Root vegetables have helped sustain us through the cold winter months, but today, we're cleaning out our root cellar in preparation for the spring bounty that's right around the corner.

We have an easy recipe for Celery Root Salad. And two recipes using sunchokes... a savory soup and a light and creamy sunchoke sauce.

Sunchokes (Jerusalem Artichokes)



The Jerusalem Artichoke is neither from Jerusalem, nor does it look much like an artichoke. It's actually a type of sunflower that grows in the eastern US and is cultivated for its tuber which is used as a root vegetable.

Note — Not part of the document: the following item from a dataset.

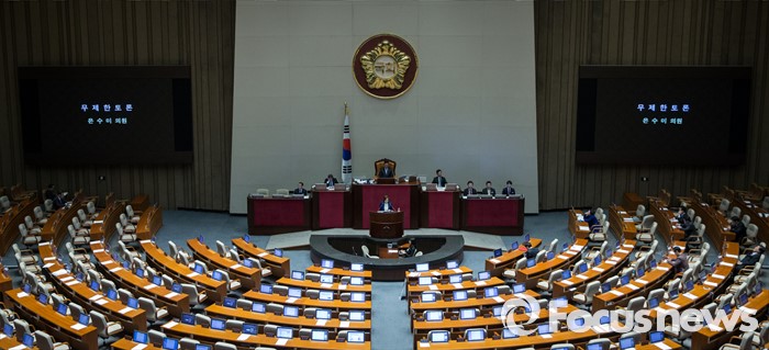 (서울=포커스뉴스) 더불어민주당 김광진 의원의 5시간32분을 깨고, 7시간째 필리버스터를 이어가고 있는 두 번째 필리버스터 주자 은수미 더불어민주당 의원이 24일 오전 서울 여의도 국회 본회의장에서 테러방지법과 관련해 무제한 토론을 하고 있다.
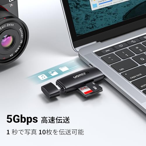 UGREEN SDカードリーダー Type-C OTG対応 1台2役 USB3.0 Microsd 2TBまで大容量カードに対応 Android スマホ タブレット、MacBook、Windows PCに適用

We have two recipes on the podcast today, both of which use the same set of ingredients (so you can just make one trip to the store and try out both preparations) -- creamy sunchoke soup and a sunchoke puree that makes an excellent topping for game, fish, or vegetarian dishes.

Raw Celery Root Remoulade



Chef Orr says that people are often intimidated by the way celery roots look when they see them in grocery stores or at the farmers market. But they're nothing to be afraid of!

"People from different ethnic backgrounds are probably familiar with a lot more root vegetables than Americans. But, the Europeans love celery root, " he said. Here's a great recipe for a raw celery root remoulade (or, in English: salad).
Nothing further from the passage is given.